HALIFAX – Une juge de Nouvelle-Écosse décidera ce vendredi si elle accordera une libération sous caution à un agent de renseignement de la marine canadienne accusé dans une rare affaire d’espionnage.

Le sous-lieutenant Jeffrey Paul Delisle, soupçonné d’avoir transmis à des autorités étrangères des informations mettant la sécurité canadienne en péril, est revenu en cour mercredi dernier, à Halifax, alors qu’il fait face à deux chefs d’accusation en vertu de la Loi sur la protection de l’information.

Des documents judiciaires révèlent qu’une infraction aurait été commise entre juillet 2007 et janvier dernier, et une autre entre les 10 et 13 janvier derniers.

L’homme d’Halifax est aussi accusé d’un chef d’abus de confiance en vertu du Code criminel, relativement à un événement qui serait survenu entre le 6 juillet 2007 et le 13 janvier 2012.

Les infractions auraient été commises par l’agent du service de renseignement dans la région de Halifax, à Ottawa et à Kingston, en Ontario. M. Delisle est détenu depuis son arrestation en janvier, à l’Établissement correctionnel Central Nova à Dartmouth, en Nouvelle-Écosse.

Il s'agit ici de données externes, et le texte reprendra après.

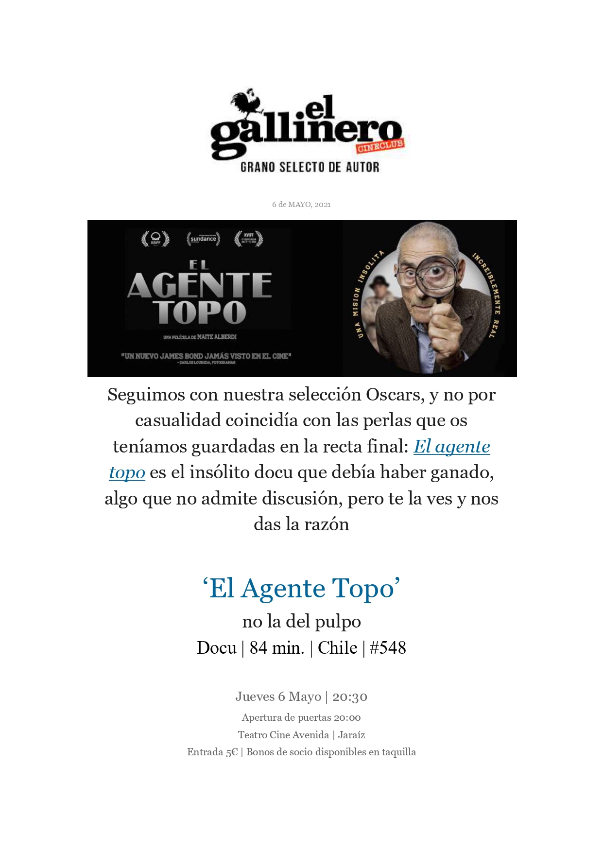 CINE CLUB EL GALLINERO - 6 DE MAYO 2021
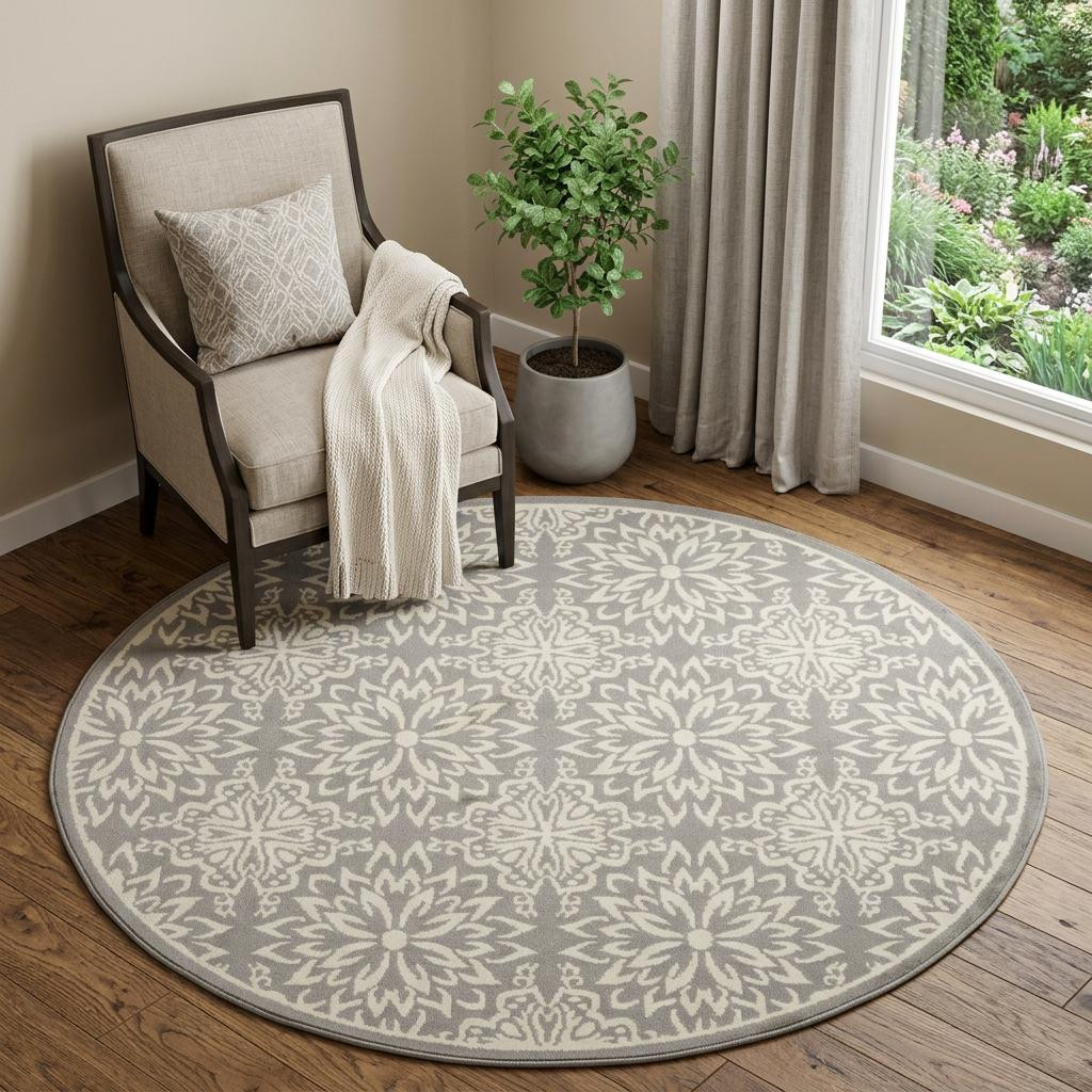 floral power loom area rug, loom area rug, power loom area rug, gray round floral power loom, round floral power loom area |
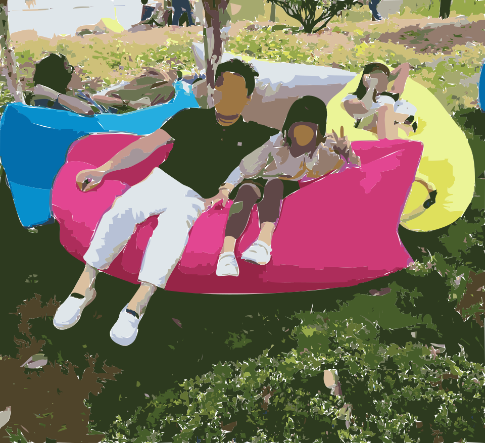 This features a man and a young girl sitting on a pink inflatable chair, possibly at an amusement park. They are surrounded by other people in the background who seem to be enjoying their time as well. There is another person sitting on a blue chair nearby, adding to the lively atmosphere of the scene. The presence of multiple chairs and people suggests that this could be a popular spot for relaxation or socializing.

Mercredi, la juge Barbara Beach a accepté la requête de la défense et prononcé une ordonnance de non-publication pour tout ce qui concerne la preuve présentée lors de cette audience de remise en liberté sous caution.

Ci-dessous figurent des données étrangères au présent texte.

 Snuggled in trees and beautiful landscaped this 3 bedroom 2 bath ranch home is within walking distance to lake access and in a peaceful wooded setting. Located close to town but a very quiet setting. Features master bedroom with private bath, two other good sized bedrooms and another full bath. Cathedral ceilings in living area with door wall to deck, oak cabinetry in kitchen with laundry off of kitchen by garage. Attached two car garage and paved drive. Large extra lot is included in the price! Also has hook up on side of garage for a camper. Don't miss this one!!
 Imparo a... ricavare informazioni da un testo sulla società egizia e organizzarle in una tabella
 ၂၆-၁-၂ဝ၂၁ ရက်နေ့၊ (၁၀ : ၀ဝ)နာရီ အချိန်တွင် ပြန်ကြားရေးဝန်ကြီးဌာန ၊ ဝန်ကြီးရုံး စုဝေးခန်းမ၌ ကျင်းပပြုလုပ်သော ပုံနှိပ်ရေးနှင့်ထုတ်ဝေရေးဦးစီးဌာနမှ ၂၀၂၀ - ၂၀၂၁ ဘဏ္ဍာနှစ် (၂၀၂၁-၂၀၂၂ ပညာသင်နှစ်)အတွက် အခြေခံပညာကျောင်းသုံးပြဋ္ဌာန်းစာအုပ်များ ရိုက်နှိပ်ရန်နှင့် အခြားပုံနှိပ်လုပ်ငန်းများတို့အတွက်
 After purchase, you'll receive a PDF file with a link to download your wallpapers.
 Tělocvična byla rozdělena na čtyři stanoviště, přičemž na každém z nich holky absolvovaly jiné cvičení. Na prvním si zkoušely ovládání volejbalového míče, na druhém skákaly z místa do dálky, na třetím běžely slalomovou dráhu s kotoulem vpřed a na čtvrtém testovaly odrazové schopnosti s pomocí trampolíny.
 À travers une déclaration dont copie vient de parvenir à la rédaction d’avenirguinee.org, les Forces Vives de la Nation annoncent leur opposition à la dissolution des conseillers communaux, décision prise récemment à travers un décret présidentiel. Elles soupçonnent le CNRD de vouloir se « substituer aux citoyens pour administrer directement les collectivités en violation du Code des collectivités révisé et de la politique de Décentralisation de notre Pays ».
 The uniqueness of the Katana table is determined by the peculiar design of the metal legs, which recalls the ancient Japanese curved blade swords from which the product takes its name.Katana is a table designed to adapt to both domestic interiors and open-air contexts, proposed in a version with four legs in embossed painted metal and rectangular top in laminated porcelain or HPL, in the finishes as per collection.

Jusqu’en 2010, le sous-lieutenant Delisle a travaillé pour le chef des services de renseignement de la Défense et à l’état-major interarmées stratégique, qui supervise virtuellement tous les aspects importants des plans et opérations de l’armée en sol canadien et à l’étranger.

Il a été arrêté en janvier en vertu d’une section de la Loi sur la protection de l’information.